Théâtre. Affairistes et banquiers, stades suprêmes du brigand

mardi 7 août 2018.
 

Kheireddine Lardjam met en scène Mille Francs de récompense, une comédie de Victor Hugo qui brosse un féroce tableau de la France du second Empire. Une satire sociale résolument contemporaine.

Tout commence au pas de course, dans les travées, lorsqu’un jeune brigand bondit, s’esquive, file à l’anglaise, se jouant de la maréchaussée à ses basques. Tout de noir vêtu, le visage dissimulé par une capuche, Glapieu se fond dans la pénombre et, dans sa fuite, se fait philosophe. Ce bandit libertaire, attachant, pose un regard lucide sur la fabrique et la spirale du crime, sur les assignations sociales qui verrouillent à triple tour les portes des marges et vous prennent au piège. Maxime Atmani déplie et scande cette première tirade à la façon de nos poètes urbains, et l’on pourrait la croire écrite pour aujourd’hui. Point de repentir, chez ce chenapan, mais la rage, la conscience de classe et le désir désespéré de redresser un monde qui marche sur la tête. «  Je suis si essoufflé que je n’ai pas eu le temps de devenir vertueux. Chien de sort. Ah  ! C’est comme ça  ! Et bien on va voir, la première bonne action que je trouve à faire, je me jette dessus. Ça mettra le bon Dieu dans son tort  », promet la canaille. L’échappée de Glapieu finit sous les toits, dans un galetas où il entre par effraction. Désespoir  ! Pour une dette de 4 000 maudits francs...

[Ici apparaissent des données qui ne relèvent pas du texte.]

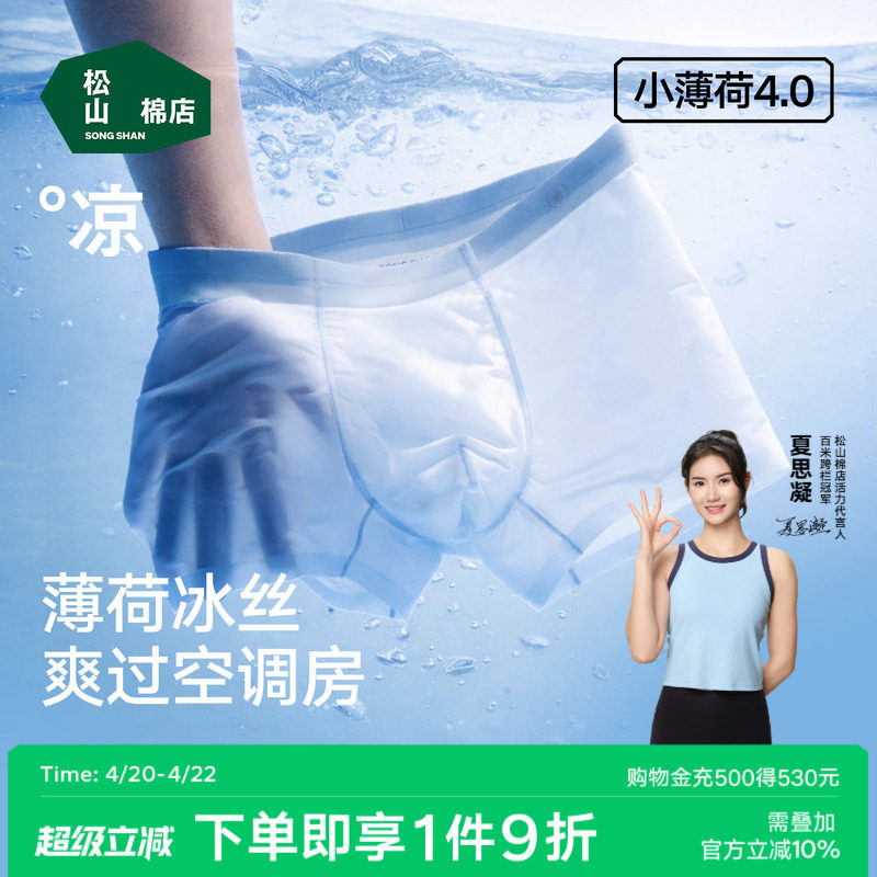 松山棉店小薄荷清爽男士冰丝无痕内裤青少年轻薄平角裤短裤四角裤

La jeune et belle Cyprienne y veille sur Zucchino, son aïeul endormi. Terrassé par une fièvre délirante, le vieux professeur de musique, ruiné depuis longtemps, ne peut plus dispenser les leçons dont il vivote avec sa fille et sa petite-fille. Glapieu se prend aussitôt de sympathie pour ce ménage aux abois. Cyprienne a tout juste eu le temps de le réprimander pour son intrusion, lorsque surgit, comme un tourbillon, son extravagante mère, Étiennette, campée par l’exquise Linda Chaïb. Sur ses talons, une horde de pointilleux huissiers. Désespoir  ! Pour une dette de 4 000 maudits francs, la famille est dépouillée de tous ses misérables biens et seules quelques lettres d’amour échappent in extremis à la saisie. Coupe afro, lunettes de soleil sur le nez, veste de fourrure blanche sur les épaules, la psychédélique mère célibataire, qui se fait passer pour une veuve, se lamente sur son funeste destin, sur ses amours mortes et ses fortunes évanouies. Paraît alors Rousseline, l’agent d’affaires d’un riche banquier. Dans la peau de ce tortueux personnage, l’excellent Azzedine Benamara explore avec gourmandise toutes les nuances de la perfidie et de la perversité. Voilà le marché  : l’argentier éponge la dette, sauve la famille de la banqueroute mais, en contrepartie, il épouse Cyprienne, vers laquelle il coule des regards dégoulinant de concupiscence. Éprise d’un modeste employé de banque, Edgar Marc, celle-ci l’éconduit sans appel. Impardonnable affront pour celui qui veut «  plaire aux femmes  ; de gré ou de force  ». Suit une invraisemblable cavalcade, qui mène Glapieu, pour le meilleur et pour le pire, des interlopes tripots où se frottent affairistes et magistrats jusqu’aux coulisses de la finance, où sa ruse lui fait gagner la confiance du baron de Puencarral (Samuel Churin), créancier de Zucchino.

Victor Hugo écrit Mille Francs de récompense lors de son exil à Guernesey, alors que le Paris du second Empire est livré à la curée. C’est le règne des spéculateurs sans scrupule, des hommes d’affaires véreux, des filous en frac noir couvés par Napoléon III. L’écrivain, intraitable opposant, dépeint une société cruelle, inégalitaire, étranglée par l’argent roi. Comme la nôtre… Dans cette mise en scène impertinente, délurée et résolument contemporaine, Kheireddine Lardjam assume sans complexe ce précipité historique et politique  : sa compagnie El Ajouad («  les généreux  », en mémoire d’une pièce du dramaturge algérien Abdelkader Alloula) joue cette comédie financière à la façon d’un manifeste anticapitaliste de notre temps, portée par des comédiens qui sont le visage de la France d’aujourd’hui. Entre les panneaux coulissants qui façonnent un espace scénique aux allures de labyrinthe, la course folle de Glapieu prend au gré des rebondissements, au fil des plans d’inspiration cinématographique, l’allure d’une quête de sens.

Kheireddine Lardjam mène cette satire sociale avec humour, férocité et un sens aiguisé de la lutte des classes.